:: What needs to be done ::
Your task is to retype, exactly, the line containing "원본상품명: 萬古? 小花" and every later line through the end of the listing, with pictures omitted.

[Information supplied — start]

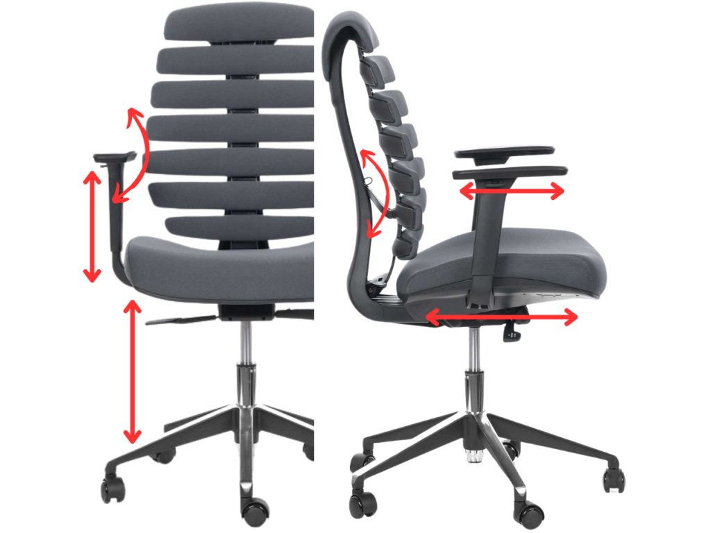 Kancelářská židle DANNY – originální design a ergonomie pro zdravé sezeníKancelářská židle DANNY v moderní šedé barvě spojuje atraktivní vzhled s praktickou ergonomií, a proto patří mezi nejoblíbenější modely ve své kategorii. Díky synchronní mechanice, pohyblivým lamelám na opěráku a ergonomicky tvarovanému sedáku podporuje aktivní způsob sezení a přirozený pohyb těla.
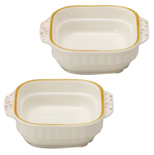원본상품명: 萬古? 小花 スタッキング 正角グラタン皿 オレンジライン (小) 2個セット 14084-2
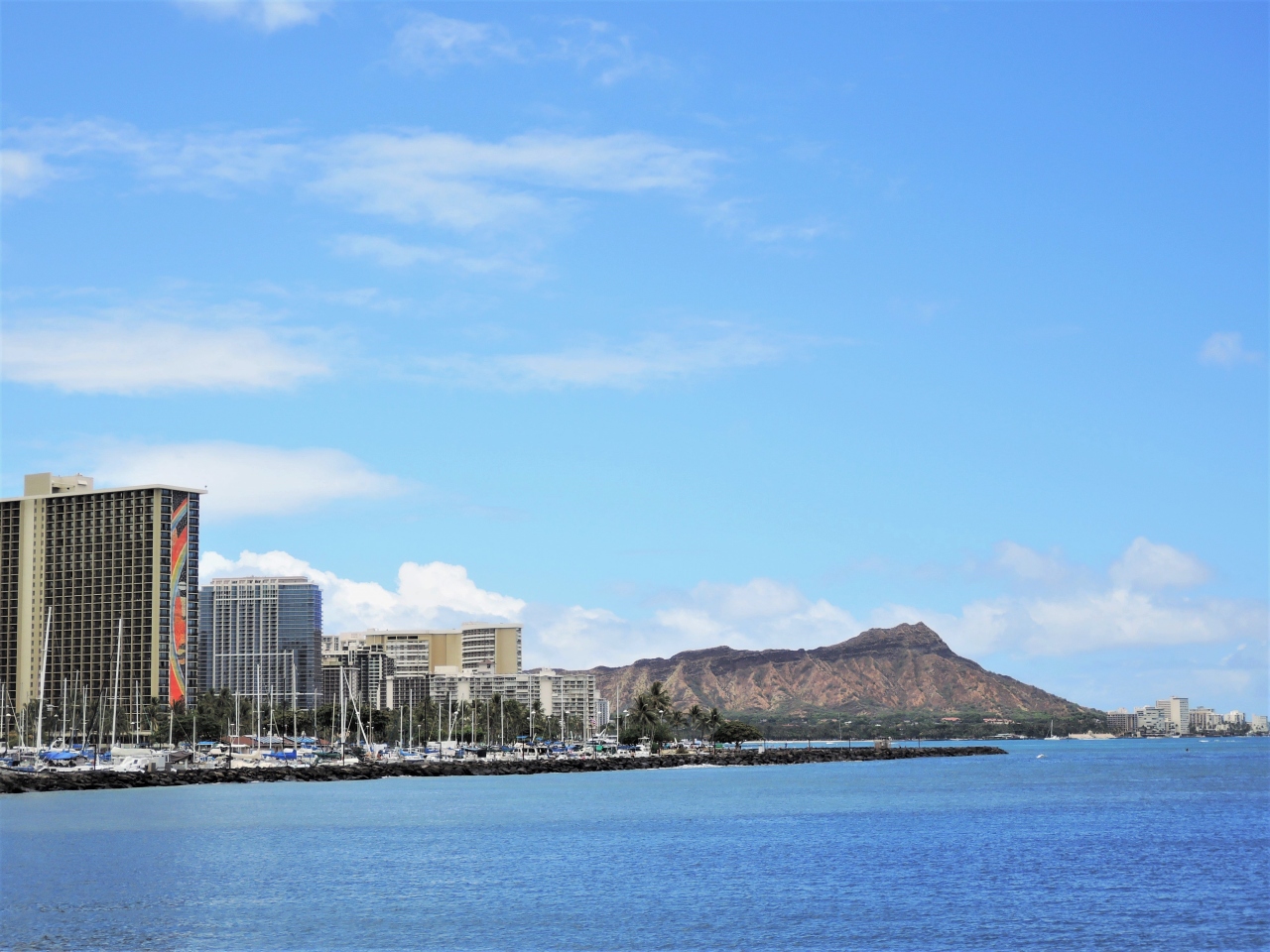 ダイヤモンドヘッドを背景にワイキキのホテル群からビーチまで一望できます。

[Information supplied — finish]

:: Reply ::
원본상품명: 萬古? 小花 スタッキング 正角グラタン皿 オレンジライン (小) 2個セット 14084-2
 ダイヤモンドヘッドを背景にワイキキのホテル群からビーチまで一望できます。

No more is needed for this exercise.